- Directions
In the records below, find the line with "This paper introduces", then retype it and every following line exactly, stopping after the line with "The dress is". Leave the pictures out.

- Excerpted records

------------

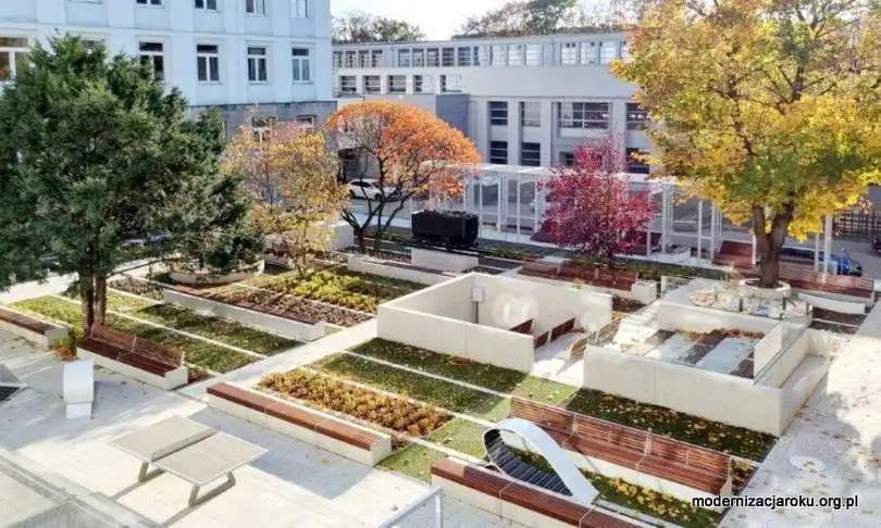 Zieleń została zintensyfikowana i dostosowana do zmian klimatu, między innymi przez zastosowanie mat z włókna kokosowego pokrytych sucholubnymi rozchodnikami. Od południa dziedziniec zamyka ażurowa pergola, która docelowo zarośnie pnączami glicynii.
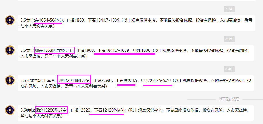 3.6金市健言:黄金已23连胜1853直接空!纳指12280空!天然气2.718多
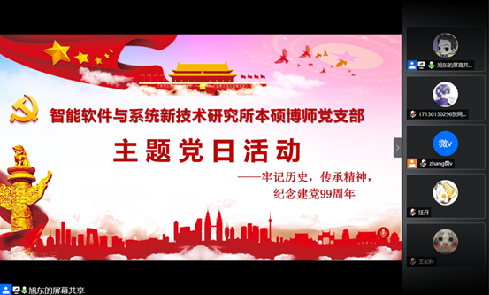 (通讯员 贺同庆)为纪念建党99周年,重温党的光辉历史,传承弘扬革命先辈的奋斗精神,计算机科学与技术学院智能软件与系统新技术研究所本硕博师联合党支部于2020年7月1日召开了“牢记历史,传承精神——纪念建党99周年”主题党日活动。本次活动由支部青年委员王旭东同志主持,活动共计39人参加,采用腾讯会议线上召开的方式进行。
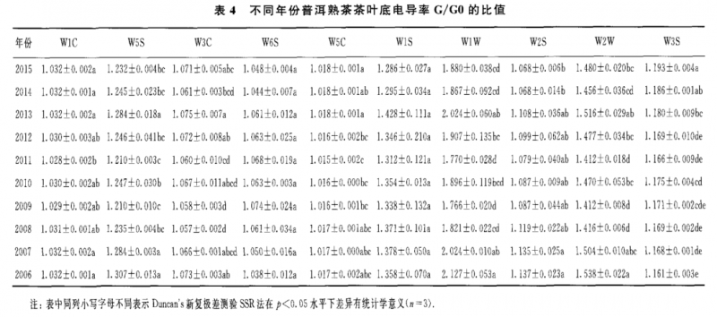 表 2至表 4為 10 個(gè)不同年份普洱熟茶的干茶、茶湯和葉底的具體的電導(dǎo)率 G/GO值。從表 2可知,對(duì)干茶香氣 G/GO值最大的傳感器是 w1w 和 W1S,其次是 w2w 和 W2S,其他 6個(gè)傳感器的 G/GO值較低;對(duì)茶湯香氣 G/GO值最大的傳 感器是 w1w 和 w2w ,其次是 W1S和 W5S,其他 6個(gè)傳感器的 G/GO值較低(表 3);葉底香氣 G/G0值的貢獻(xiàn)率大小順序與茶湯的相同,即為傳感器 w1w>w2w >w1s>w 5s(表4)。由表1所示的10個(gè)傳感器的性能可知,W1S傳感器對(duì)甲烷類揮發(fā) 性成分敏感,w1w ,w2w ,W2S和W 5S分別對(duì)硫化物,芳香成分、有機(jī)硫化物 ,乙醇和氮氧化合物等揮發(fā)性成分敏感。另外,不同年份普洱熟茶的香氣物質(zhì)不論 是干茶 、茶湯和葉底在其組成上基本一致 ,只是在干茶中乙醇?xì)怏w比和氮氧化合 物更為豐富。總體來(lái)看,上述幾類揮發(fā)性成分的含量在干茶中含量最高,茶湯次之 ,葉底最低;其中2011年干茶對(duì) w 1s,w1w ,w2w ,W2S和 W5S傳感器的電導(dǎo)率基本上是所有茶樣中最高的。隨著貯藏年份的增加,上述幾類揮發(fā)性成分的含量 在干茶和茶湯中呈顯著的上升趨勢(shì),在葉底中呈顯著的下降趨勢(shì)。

------------

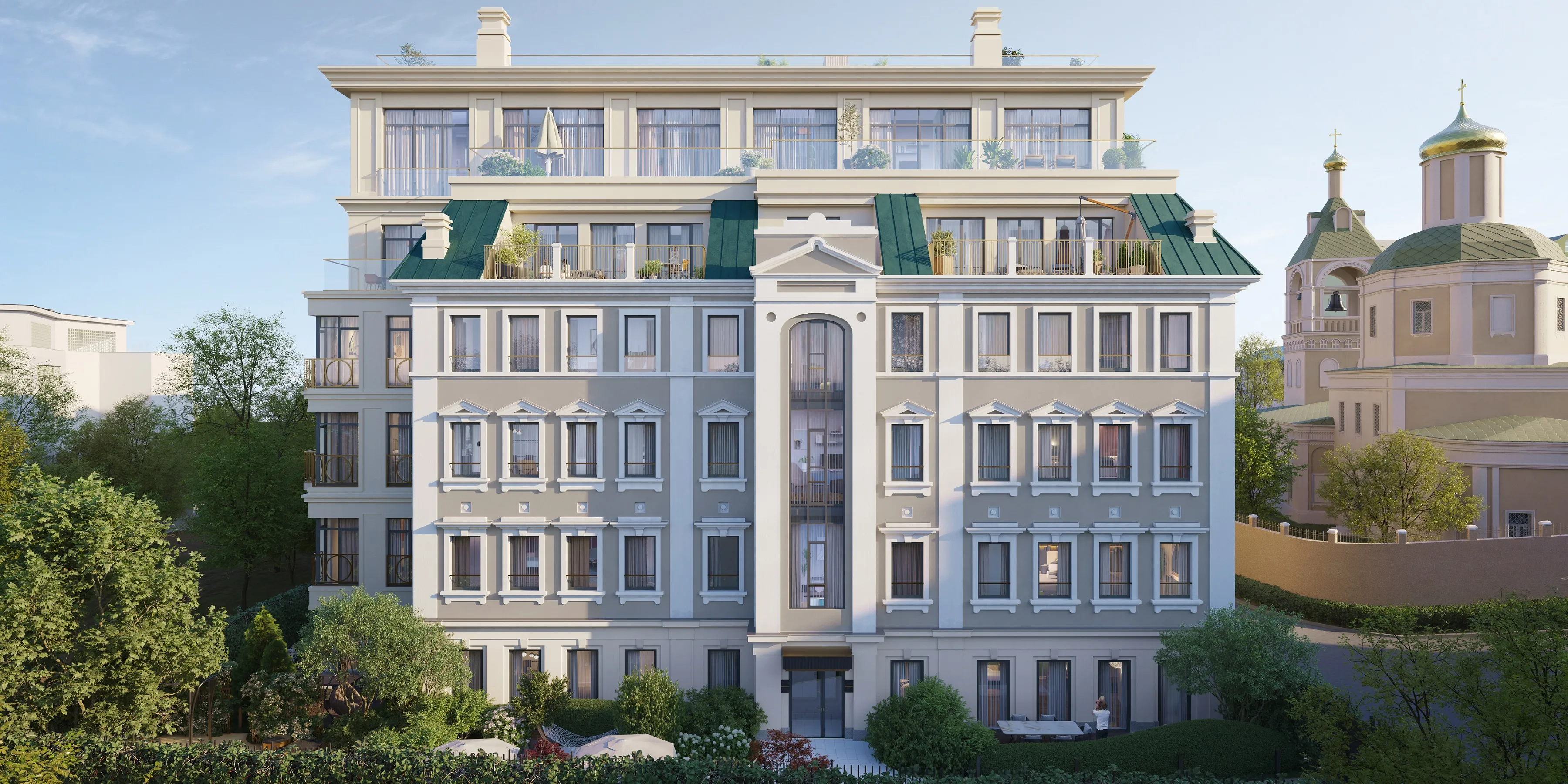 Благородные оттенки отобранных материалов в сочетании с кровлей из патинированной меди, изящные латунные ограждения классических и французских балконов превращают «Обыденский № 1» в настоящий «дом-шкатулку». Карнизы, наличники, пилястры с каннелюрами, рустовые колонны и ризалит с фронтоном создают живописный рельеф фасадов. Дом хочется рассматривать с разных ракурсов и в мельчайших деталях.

------------

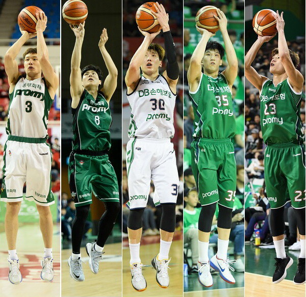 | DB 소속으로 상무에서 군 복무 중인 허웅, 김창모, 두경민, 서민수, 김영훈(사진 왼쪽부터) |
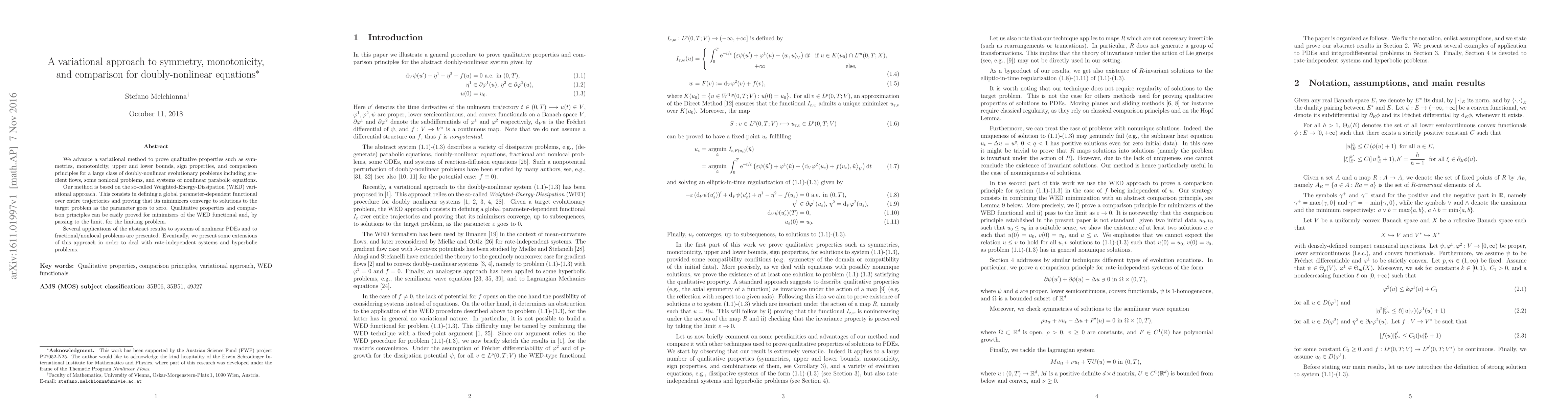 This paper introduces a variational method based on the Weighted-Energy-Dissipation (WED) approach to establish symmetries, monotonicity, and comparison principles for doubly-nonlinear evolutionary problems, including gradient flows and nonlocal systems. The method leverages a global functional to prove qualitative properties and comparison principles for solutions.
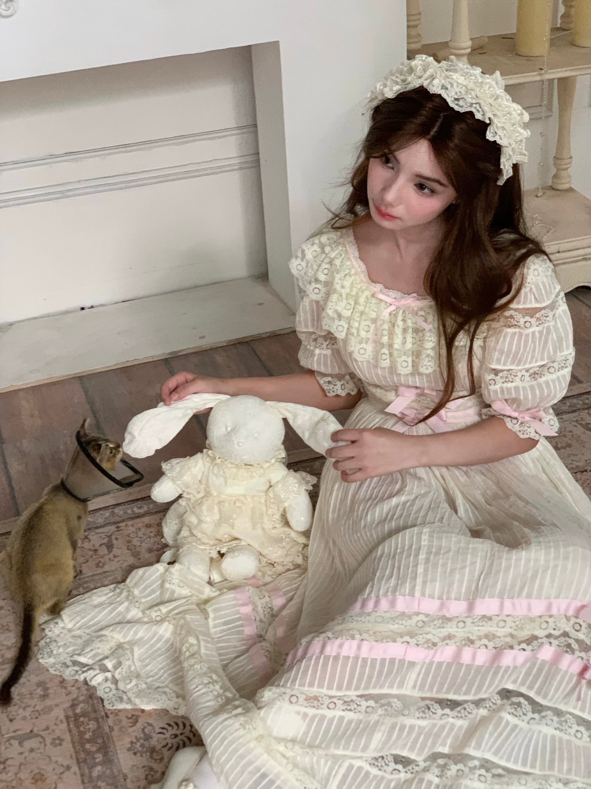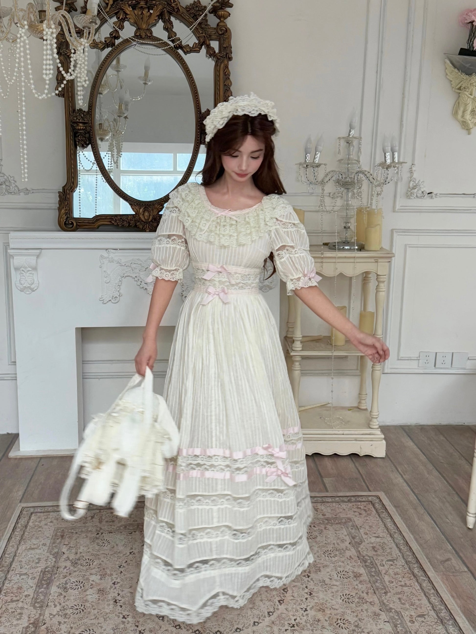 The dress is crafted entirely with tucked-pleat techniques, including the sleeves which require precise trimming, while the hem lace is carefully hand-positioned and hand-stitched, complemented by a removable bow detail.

------------

- Answer box
 This paper introduces a variational method based on the Weighted-Energy-Dissipation (WED) approach to establish symmetries, monotonicity, and comparison principles for doubly-nonlinear evolutionary problems, including gradient flows and nonlocal systems. The method leverages a global functional to prove qualitative properties and comparison principles for solutions.
 The dress is crafted entirely with tucked-pleat techniques, including the sleeves which require precise trimming, while the hem lace is carefully hand-positioned and hand-stitched, complemented by a removable bow detail.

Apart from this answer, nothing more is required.